Now that I’ve had some time to get some sleep and get back in the swing of things, I have some final thoughts about this trip and what I’ve learned. First off, I think it has finally hit me how incredible this opportunity is. I have been able to meet some incredible people, like a surgeon who led the team to separate vertically conjoined twins and a world famous architect who designed an aesthetically pleasing building for those who have cancer to recover at for the Maggies foundation. Being asked to present at this conference was such an honor, an honor I’m not sure I’m completely deserving of. An added bonus was being able to travel with Provost Wheatly. I know that she is a huge advocate for women in the STEM fields, which is also really important to me. I have taken a very unusual route through becoming involved with science and engineering, but I hope that my story can prove that absolutely anyone at any age can make a difference in their communities if they truly have the drive to do so. I’m frequently asked about the next steps for the Pain Free Socket, and for myself. For my product, we have just completed the third generational phase and will be moving into the fourth soon. Then I will be starting small scale testing with a few patients who fit my patient profile. As for me, I will continue to develop this product and am looking forward to getting involved with other companies, especially those that have a humanitarian focus. I enjoy working with other WVU students to increase innovation on campus, as well as work to create more student run West Virginia companies. And of course, I look forward to continuing to represent WVU at home and abroad.

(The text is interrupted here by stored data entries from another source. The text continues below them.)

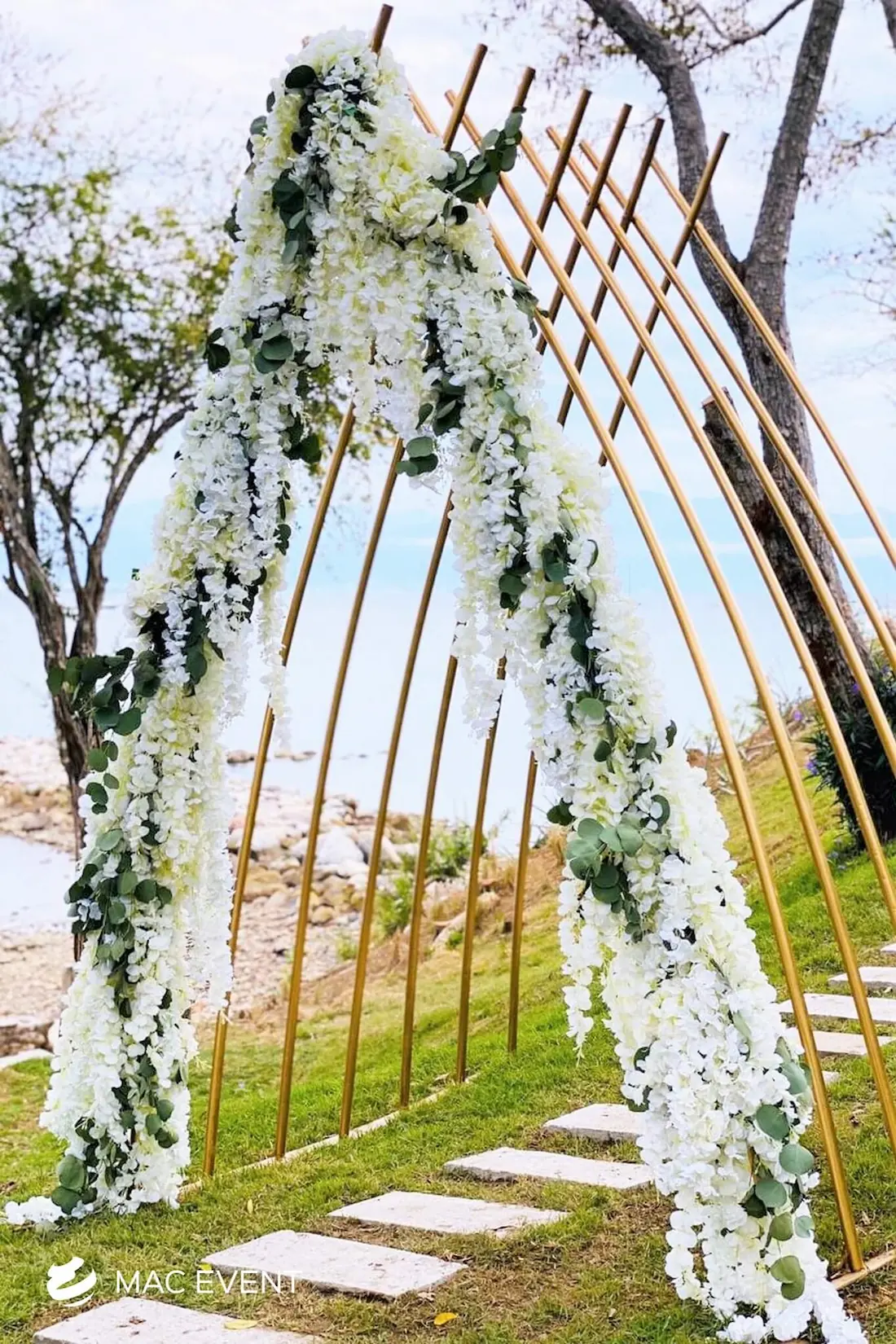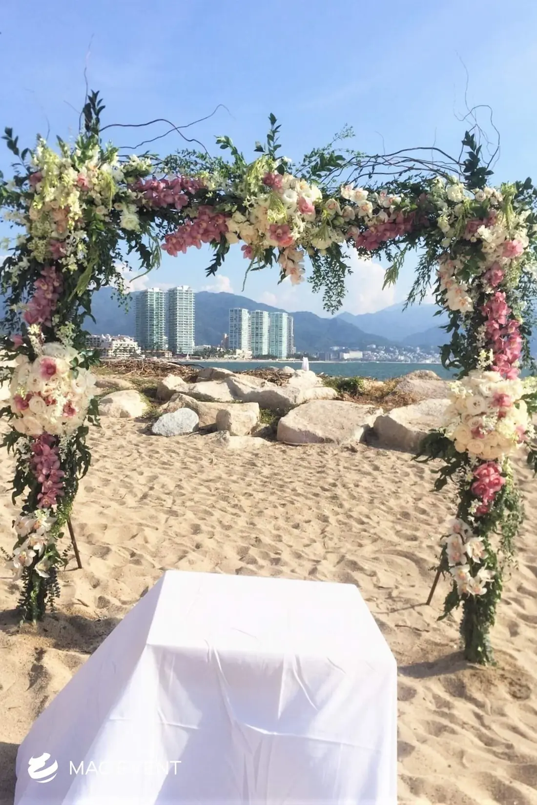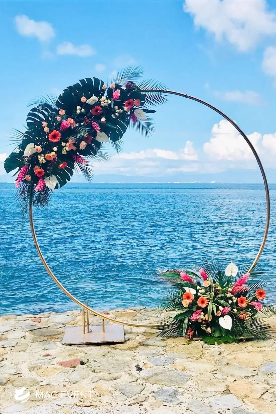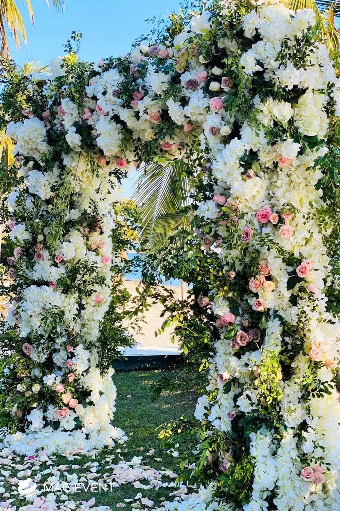 The wedding arch is a beautiful focal point that frames one of the most meaningful moments of a ceremony in Bahia de Banderas. Symbolizing unity and new beginnings, this wedding décor rental can be styled with flowers, fabric, or greenery to match your theme and setting. Perfect for beach weddings, garden ceremonies, or private venues, the wedding arch enhances the space with elegance and romance. Renting wedding arches in Bahia de Banderas ensures professional setup and a design that complements your overall décor. For a timeless and picture-perfect backdrop, the wedding arch is an essential element of every ceremony.
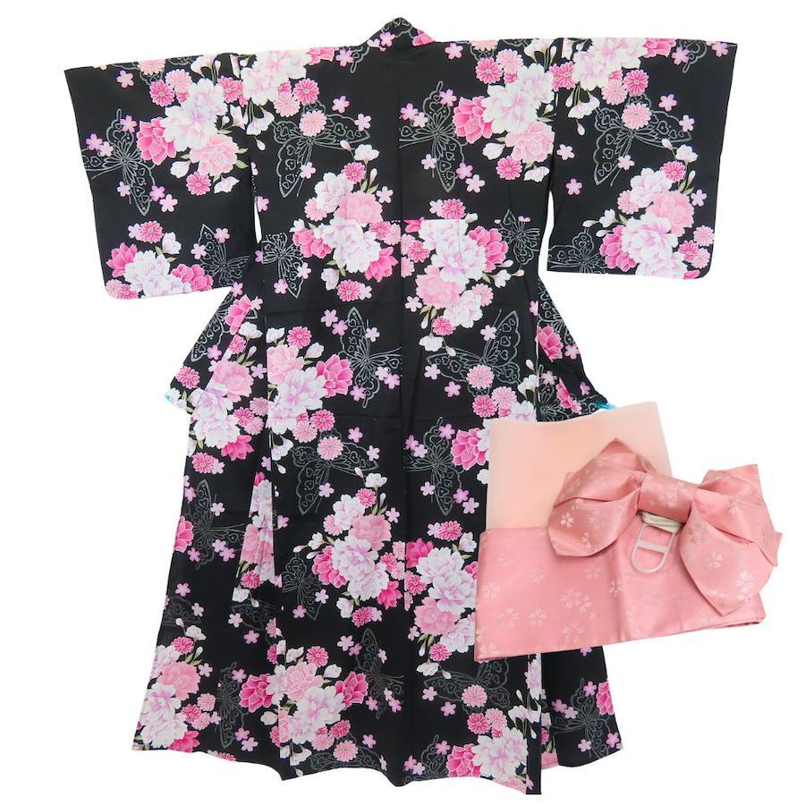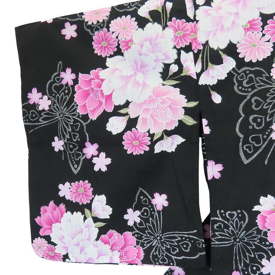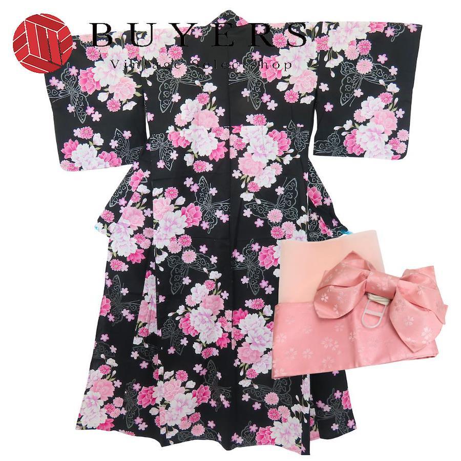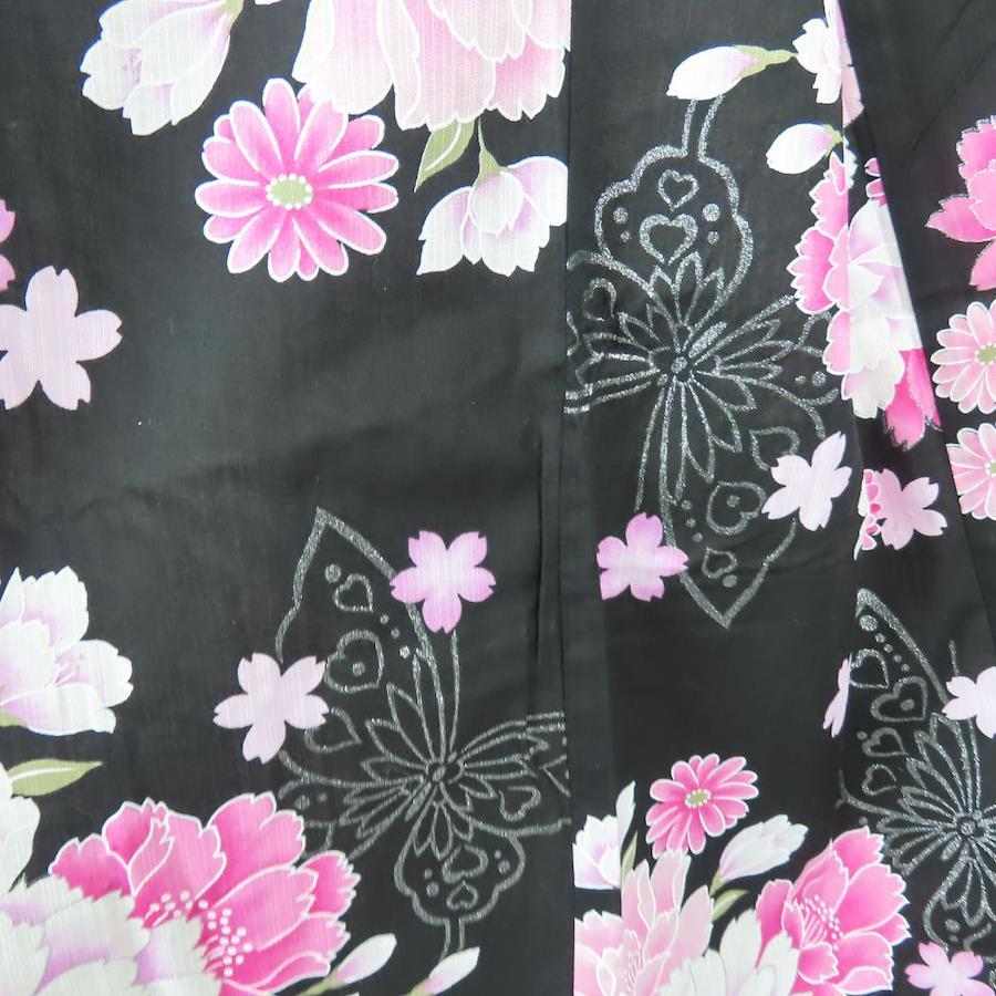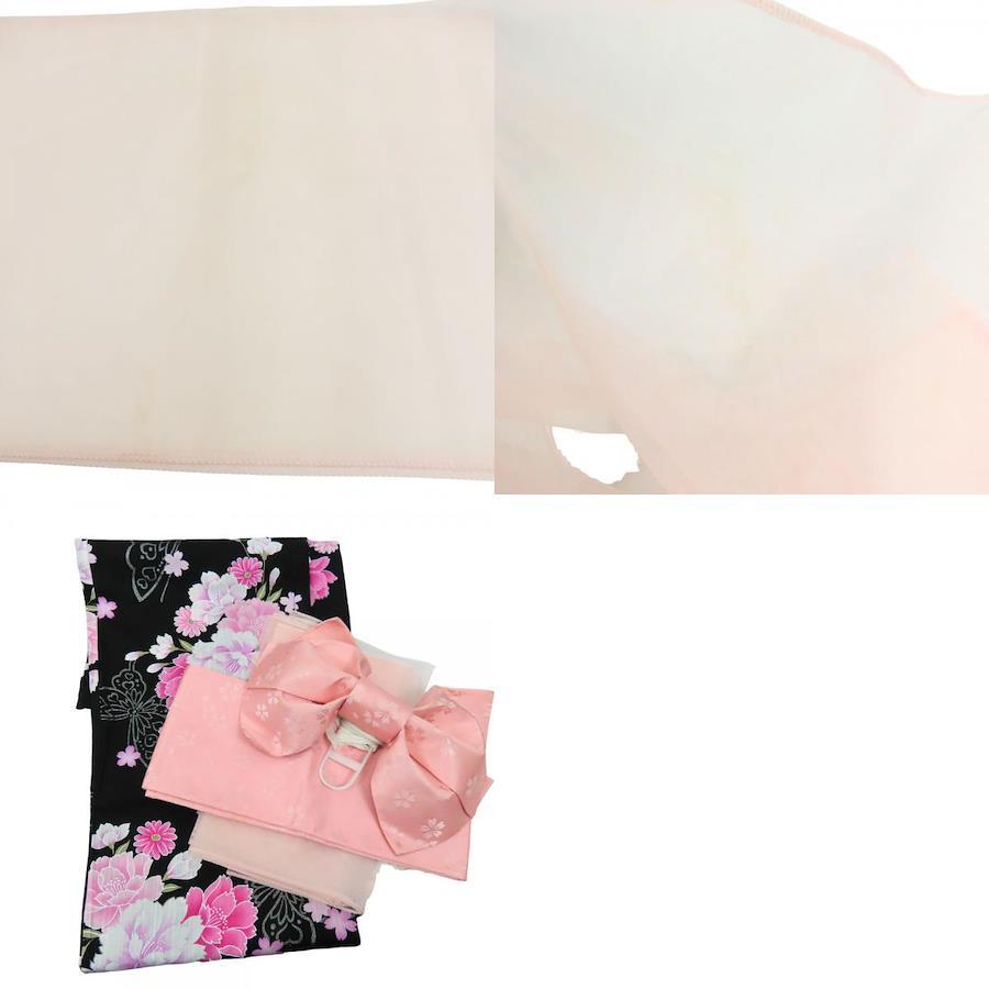 | 品名 | 【中古】 浴衣 3点セット 作り帯 兵児帯 綿 ポリエステル ブラック ピンク 変わり生地 ラメ入り リボン レディース 女性 |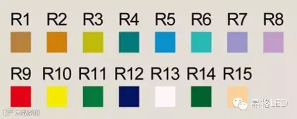 国际照明委员会(CIE)将太阳光的显色指数定为100,并规定了15个测试颜色,用R1-R15分别表示这15个颜色的显示指数。当把一个光源与规定的参考光源进行比较时,指数值为100是最好的。

I’m currently sitting in Heathrow airport, waiting for my first flight to DC. I’ve been to some huge airports before, but this is unreal. I’m starting to adjust to London time, which of course would happen just as I’m on my way home! Even though this was an incredibly short trip, I have had a fantastic time. The Summit was great; I made some great contacts and hopefully inspired the audience with my story. I’m so thankful Dr. Wheatly could accompany me, and we could represent WVU well here in London. Right now I can’t wait to be back in my own time zone, but London, I will be back!
I gave my presentation today to an absolutely wonderful reception. I was a little nervous because of the audience, but I was very comfortable and was asked some really interesting questions. I’ve made some great connections here and have found a spokesperson here in Europe for the pain free socket. I’m so fortunate to have this opportunity, and I feel I have learned so much from all of the brilliant presenters here today.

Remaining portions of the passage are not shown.